Interactive pics empower marketers

This month, Mississauga, Ont.-based Hewlett-Packard will be introducing a new online feature enabling browsers to study a photographic-quality 3-D interactive image of its latest product.

This month, Mississauga, Ont.-based Hewlett-Packard will be introducing a new online feature enabling browsers to study a photographic-quality 3-D interactive image of its latest product.

The PC and imaging giant hopes to lure Web browsers to make a purchase decision online using a technology package created by Toronto-based digital photo company Diginiche in conjunction with Toronto-based Publicis. The package incorporates technology from New York-based digital marketing technology provider, Viewpoint Corporation.

Browsers accessing HP’s site at from late June will be able to witness a virtual demonstration of the manufacturer’s newly launched Multifunction device which acts as a printer, scanner, fax machine and copier combined. The new technology enables a browser to click on the product to make it move or rotate, zoom in to see a photographic-texture close-up of specific areas, or click on a feature to see a detailed moving demonstration.
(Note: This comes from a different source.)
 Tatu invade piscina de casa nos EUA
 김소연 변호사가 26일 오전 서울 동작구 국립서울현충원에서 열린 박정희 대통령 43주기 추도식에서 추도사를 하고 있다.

During the demonstration, bubbles pop up carrying information about the product.

Chris Burdge, director of client services at Publicis, says that the success of the project will be carefully monitored with the hope of expanding it to market other HP products online in the future.
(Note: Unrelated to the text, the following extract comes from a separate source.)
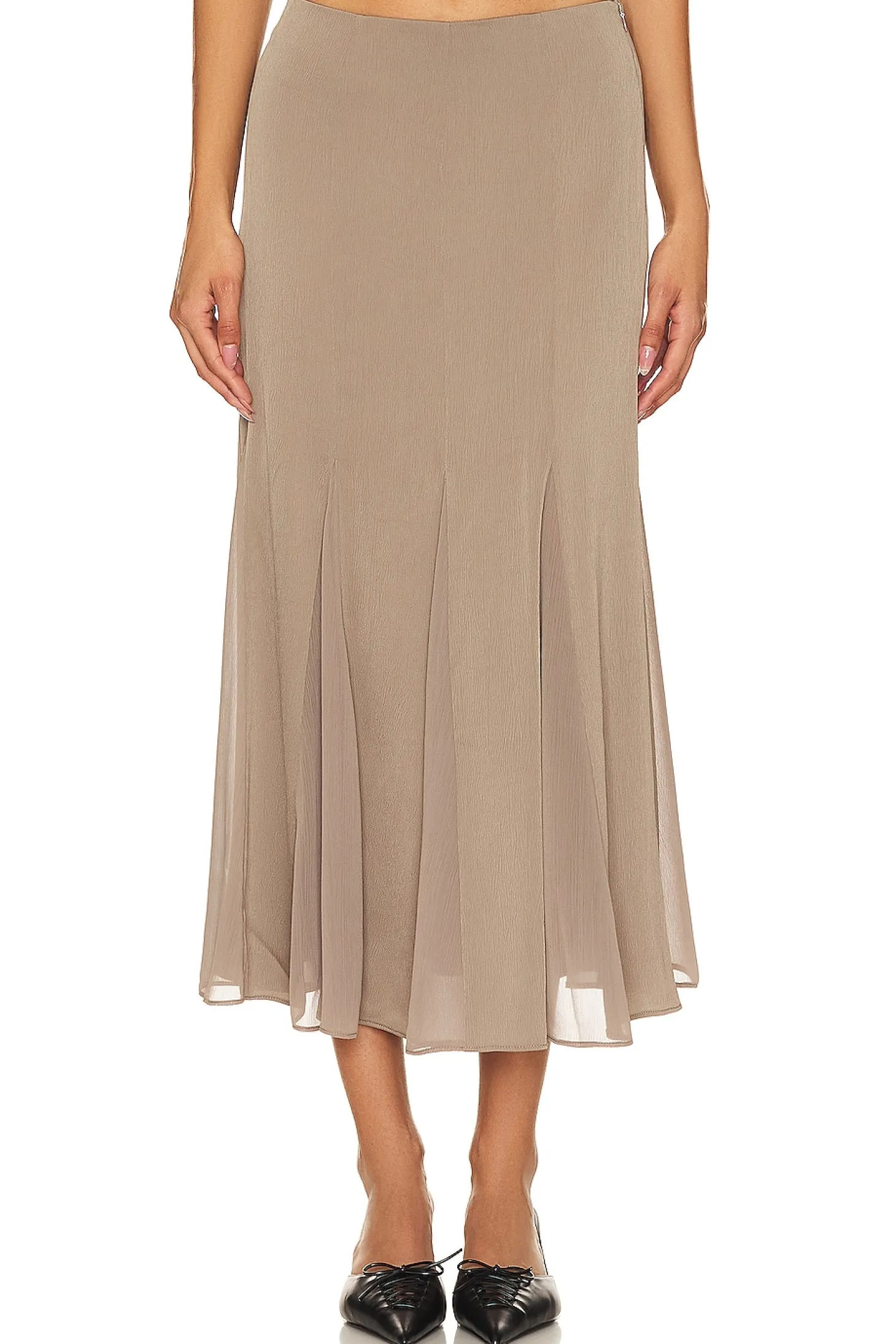 Polyester blend.Imported.Hand wash recommended.Unlined.Hidden side zipper closure.Lightweight crepe fabric with mesh panels.Item not sold as a set.Skirt measures approx 33" in length

‘With a new product category like this it is important to provide a certain amount of education about what it actually does,’ says Burdge. ‘This interactive demonstration is the next best thing to being in store.’

HP hopes eventually to bring the technology to stores selling its products, such as Future Shop. ‘The idea is that a sales guy can direct a consumer to a computer which will give them all the information they need,’ says Barry Fogarty, Diginiche president.

Since its conception in 1995, Diginiche has used a range of technologies including Viewpoint, QuickTime, Flash and Java to enable a digital marketer to demonstrate the abilities of a new product outside the showroom.

‘There are 580 million people online right now,’ says Fogarty. ‘The number of people who research a product online before making a purchase decision is extremely high, so we give marketers a great opportunity to show off the functionality and sophistication and key features of a product.

‘We tend to be technology neutral,’ he continues. ‘We get to know the client and use whichever technology is most appropriate for their needs, depending on their audience and budget.’ The cost to the client can vary from as little as $1,000 for a simple Flash animation installation to up to $40,000 for a more complex project, in addition to a licensing fee that is paid to the technology supplier.

J. Walter Thompson in Detroit has also worked with Diginiche on behalf of Ont.-based Ford, to market Ford’s Explorer vehicle online. Browsers going to can take a virtual tour of the vehicle, and access 3-D images of the interior and exterior features.

Among its other projects, Diginiche has recently created an online package for Spanish tourism group, Sol Melia. Consumers browsing the company’s Web site can now access 360-degree interactive panoramic images of hotels and resorts offered by the company, and can carry out virtual tours of hotel rooms.

Meanwhile, in early June, Toronto-based MZTV Museum of Television introduced a new feature to its site at, to give browsers a virtual tour of the museum’s collection of vintage TVs with information about how they work. During a virtual tour, which also uses Viewpoint technology, the browser can see the internal mechanical components of a TV in action.

With 50% of online Canadians now having hi-speed access, Fogarty believes online marketers have the ability to create much richer, more compelling content and to suck the consumer in before they even enter a showroom.